Sakana AI has consistently featured "evolutionary computation" and "nature-inspired AI" as its technical hallmark—this isn't merely brand narrative but has deep academic roots. Evolutionary Computation is a family of optimization algorithms inspired by Darwin's theory of natural selection, including Genetic Algorithms, Evolution Strategies, and Genetic Programming. In AI model development, evolutionary methods can be used for Neural Architecture Search (NAS), hyperparameter optimization, and even the merging and evolution of model weights. In Sakana AI's previously published research, they demonstrated how "Model Merging" technology—combining the weights of multiple trained models in specific ways—can create new models that outperform the originals, with evolutionary algorithms automatically searching for optimal merging strategies. Fugu Ultra's model orchestration capabilities are very likely built upon this research foundation, representing a technical evolution from static model merging to dynamic model orchestration.

Questions Worth Watching

Of course, several key questions still require ongoing observation:

Latency and Cost: Does multi-model orchestration introduce significant inference latency and cost increases? In actual deployment, each additional model call means additional network latency and computational overhead. If a user request requires task decomposition by the orchestration layer, serial or parallel calls to multiple specialized models, and final result integration, total latency could be far higher than direct inference from a single model. For applications requiring real-time responses (such as conversation, code completion), this could be a critical bottleneck
Third-Party Verification: Can official benchmark data be reproduced in independent evaluations? The AI field has seen multiple instances of "excellent benchmark scores but mediocre real-world performance," and rigorous evaluation by independent third parties will be key to verifying Fugu Ultra's true capabilities
Real-World Application Performance: There is often a gap between benchmark scores and user experience in real scenarios. Benchmarks are typically structured problems with clear answers, while real user needs are often ambiguous, multi-turn, and require understanding context and intent
Orchestration System Robustness: How does the orchestration system gracefully degrade when an underlying specialized model produces errors or becomes unavailable?
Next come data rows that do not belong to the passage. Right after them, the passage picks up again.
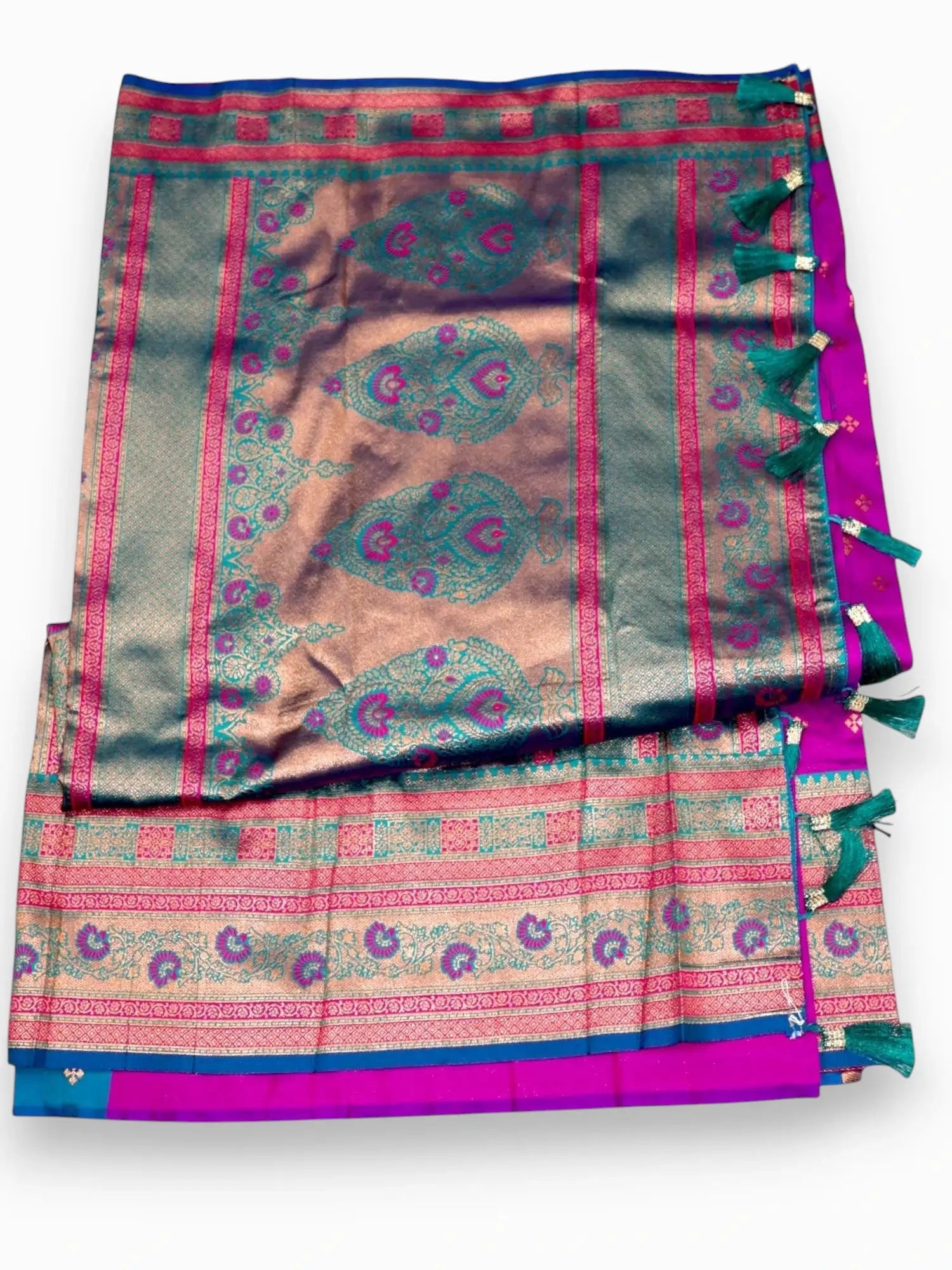 Introducing the Jiarah Premium Zari Woven Banarasi Silk Saree - a luxurious and elegant addition to your wardrobe. Made from the finest Banarasi silk, this saree features intricate zari weaving and exudes timeless grace and sophistication. Elevate your style with this saree and make a statement at any occasion.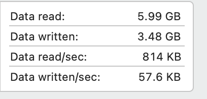My M1 macbook pro activity shows that I have written 42gb to my disk since last reboot but when i use "iostat -Id disk0" code in terminal it shows 130gb written this means two things:-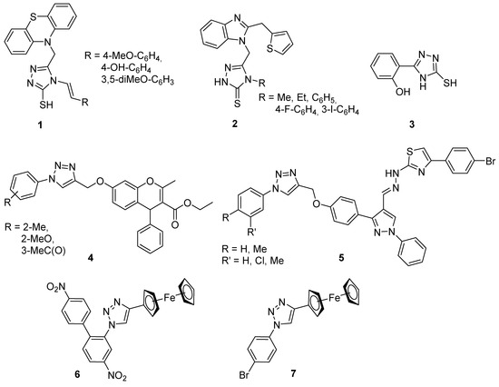 Structures of selected 1,2,4- and 1,2,3-triazole-containing compounds 1–7 with antioxidant activity.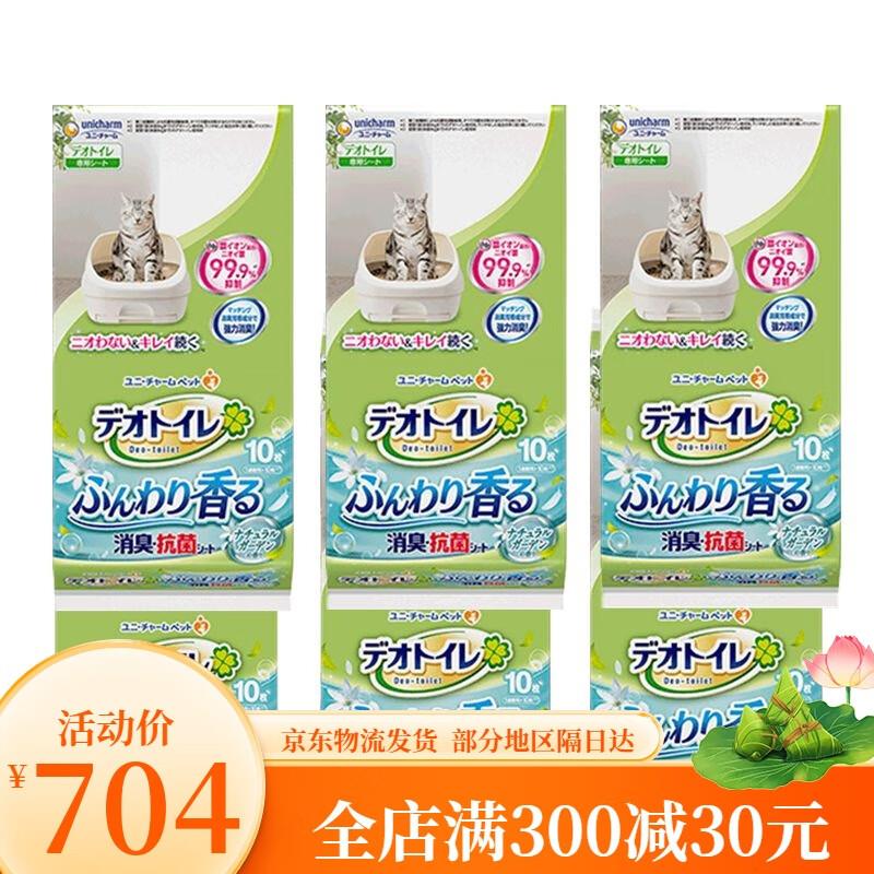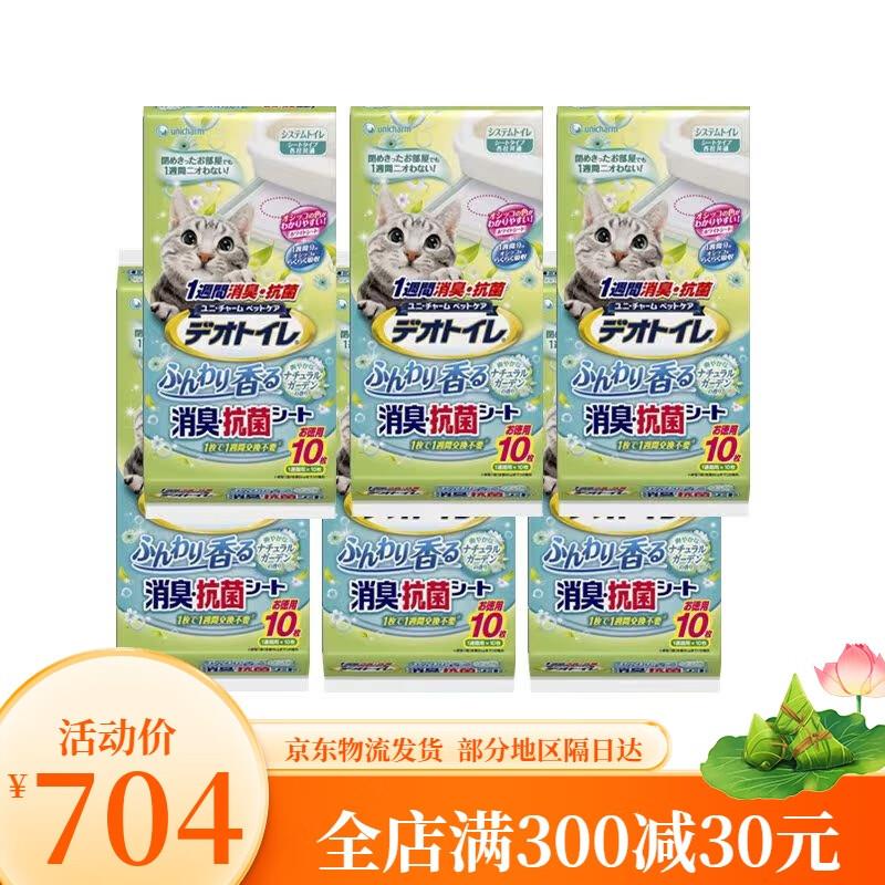 日本进口佳乐滋加香猫尿垫6包吸水除臭加厚猫砂盆尿片60片 清新庭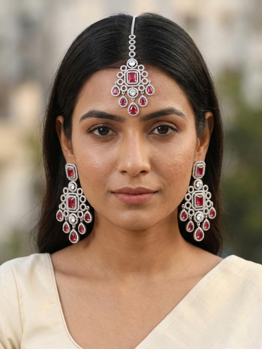 The earrings, measuring a graceful 2.75 inches in height and 1.25 inches in width, feature a stunning cascade of sparkling American diamonds surrounding captivating red stones. Complementing this, the matching maang tikka extends an impressive 5.15 inches in length with a 1.25-inch width, designed to beautifully frame your face. The intricate detailing of the settings and the fluidity of the design create a breathtaking visual harmony, ensuring you command attention.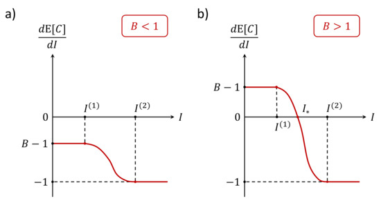 If (Figure 3b), the derivative is initially positive, then it starts decreasing and eventually becomes negative. This means that initially increases with I, but then starts decreasing. The point where the derivative is equal to zero corresponds to a maximum of . This point corresponds to the solution of Equation (15). However, we should also take into account the budget constraint (Equation (2)). So, we should choose either or, in case does not satisfy the budget constraint, the maximum possible investment compatible with the budget constraint, . Overall, this yields Equation (14).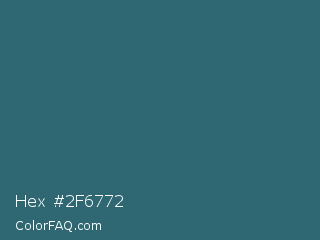 Hex #2f6772 Color is a normal cyan color and the nearest color is Casal #2f6168. Hex code #2f6772 and RGB value is rgb(47,103,114). In RGB color space, this color is composed of 18% red, 40% green, 45% blue, In CMYK color space, this color is composed of 59% cyan, 10% magenta, 0% yellow , 55% black , In HSL color space, this color has a hue angle of 190° , 42% saturation and 32% lightness.
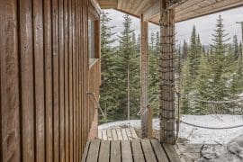 From the parking lot, head down the stairs to your suite. But first, take in the views! You’ll have to make sure you carve out some time to relax on the deck with your cup of coffee or glass of wine and take in the sounds and scents of the mountain.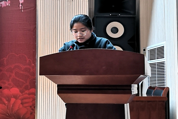 宣讲结束,与会的学生代表上台交流发言。发言同学表示:中国共产党100光辉历程行之不易,现今的美好生活来之不易,作为新时代的大学生定要修身律己、脚踏实地、成长成才、报效祖国。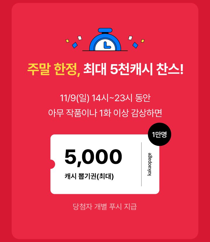 - 11/8(토) 00:00:00~12:59:59 동안 아무 작품이나 1화 이상 감상하면 추첨을 통해 최대 5천캐시 뽑기권을 드립니다. (추첨 1만명, 당일 오후 당첨자 푸시 지급)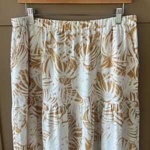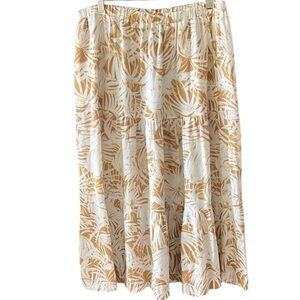 C&C California Sz L Linen Blend Pullon Tiered Midi Skirt Palm Leaf Print Tan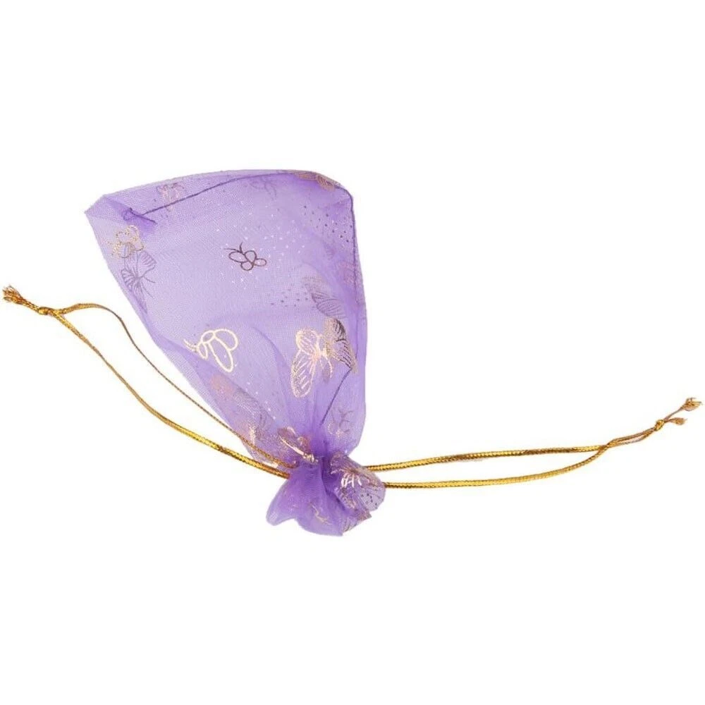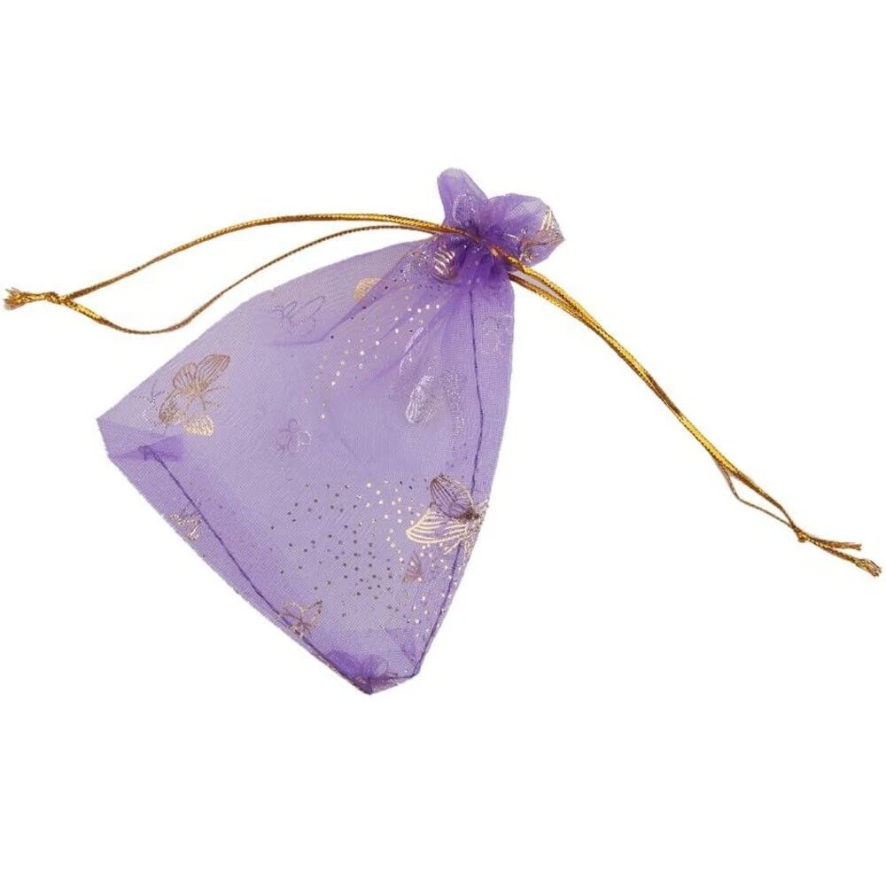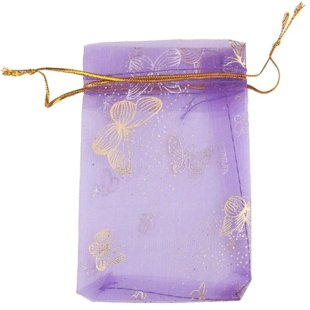 Specifications: Material: Organza Size (Width x Length): 9x12cm/3.5"x4.7" Color: Purple Pattern: Butterfly Package Includes: 100 x Organza Drawstring Bags Premium Material: Made of organza fabric material, which is safe, sturdy, washable and not easy to break, you can use it for a long time; It is also lightweight and portable for you to carry. Easy To Use: Each bag comes with two gold corlor drawstrings on both ends, making the bags open or close conveniently, and you can also be easy to carry your items in them with the strings. Wide Applications: Can be used for storing food, packing gift, travel storage, and keeping some items such as snacks, cream jars, jewelry, coins, candy at parties, shipping hardware or other small metal parts. You can store daily essential. Notices: Due to the light and screen setting difference, the item's color may be slightly different from the pictures. Please allow slight dimension difference due to different manual measurement.
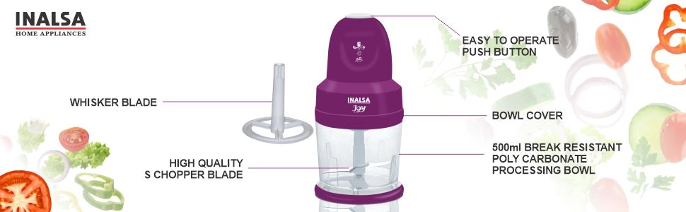 As 500ml (total capacity) Transparent processing bowl of Inalsa electric chopper comes with a transparent jar for extra durability and provides visibility to chopping levels.It has press button at the top that makes it easy to use and gives you better control for fine chopping.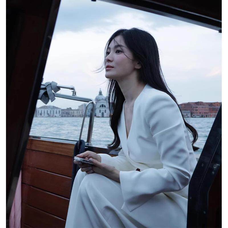 📚 宋慧乔明星同款气质感时尚西装套装女职业通勤套装白色v领小西服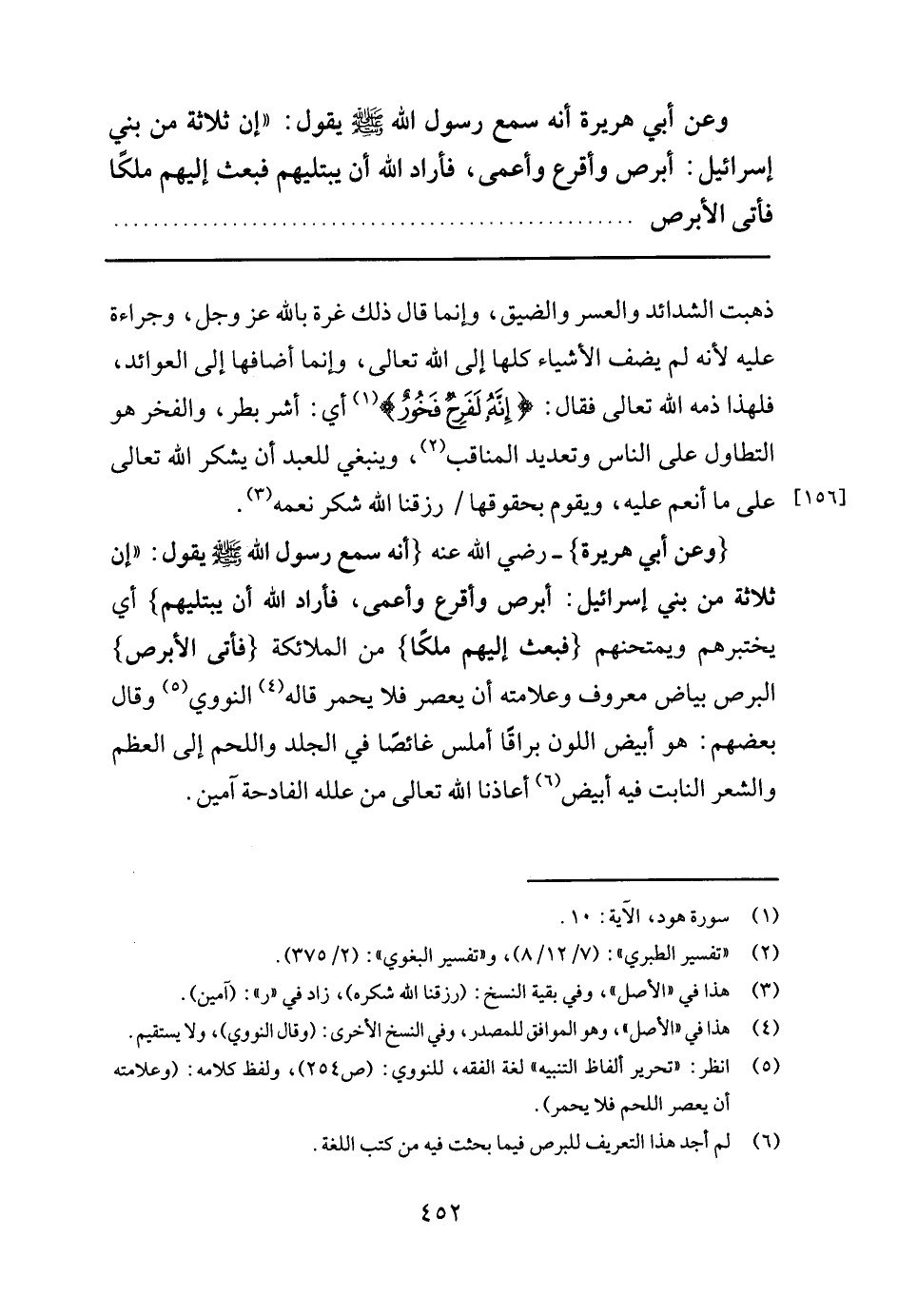 وعن أبي هريرة أنه سمع رسول الله صلى الله عليه وسلم يقول: " إن ثلاثة من بني إسرائيل: أبرص وأقرع وأعمى، فأراد الله أن يبتليهم فبعث إليهم ملكا فأتى الأبرص

The failure modes of multi-model systems are more complex than single models, with errors potentially propagating and amplifying across models

As an AI company founded in Japan by former Google researchers, Sakana AI has consistently featured evolutionary computation and nature-inspired AI as its technical hallmark. The release of Fugu Ultra marks an important leap from research exploration to actual product delivery. Regardless of ultimate market feedback, its model orchestration approach deserves deep attention from the entire industry—it raises a fundamental question: on the road to artificial general intelligence, is "training a bigger model" the only answer?